Slots 26, 29, and 30 are what’s known as PCI Express x1. This is a “single-lane” link, which means the following, according to howstuffworks.com:

Each lane of a PCI Express connection contains two pairs of wires — one to send and one to receive. Packets of data move across the lane at a rate of one bit per cycle. A x1 connection, the smallest PCIe connection, has one lane made up of four wires. It carries one bit per cycle in each direction.

Slot 28, an x16, was already in use by the snazzy new graphics card we got—and rightly so, as that’s the fastest PCI connection on the motherboard, and where better to put the indispensable graphics processor!

This left #31, which I’ll call, “Goldilocks.” It’s neither too slow, like its x1 siblings; nor too fast, like the x16 slot. This slot runs at x8, which—I checked—the new USB-C card supports.

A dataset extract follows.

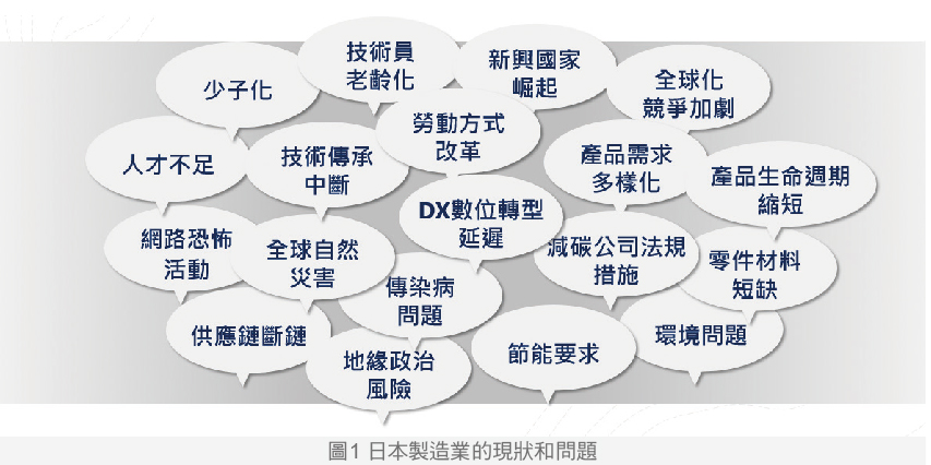 現今的社會,充斥著因勞動人口的減少、 產業高齡化、技術傳承的延遲、數位化應用 的需求、環境永續的社會責任等問題,各行 各業都快速地發生了改變,製造業也不例外。衍伸的問題諸如:因少子化造成的作業 人力不足、人員無法有足夠的時間以傳統的 方式累積經驗;少量多樣的需求造成頻繁的 開發新製程以及刀具、夾具的更換;因減碳 造成的廠房運作成本提高等等,維持作業現 場的正常運作以及獲利皆面臨著挑戰。

So I installed the card into that x8 slot; and after running a power line to it from the internal power supply, we were good to go. We connected the Samsung drives directly to the card, and suddenly video that couldn’t even open was now coming up, buttery-smooth. We were no longer at the mercy of a 3.0 card in an x1 slot. We were now coasting at 3.1, Gen 2, via x8. And apparently, those numbers make all the difference.

EPILOGUE

I thought about the prospect of adding a third USB-C component in the future, like another Samsung drive, via a hub. To my surprise, as of this writing, nobody has manufactured a hub that supports the USB-C shape and the Gen 2 speed of 10 Gbit/s. I have reached out to the USB Implementers Forum at usb.org, to see if they know of anyone who has built such a device. I’ll post if and when I hear back from them. Until then, it appears if you want to connect more than two USB 3.1 (Gen 2) devices to a PC, you’ll need to use adapter cables. So make sure they don’t slow you down.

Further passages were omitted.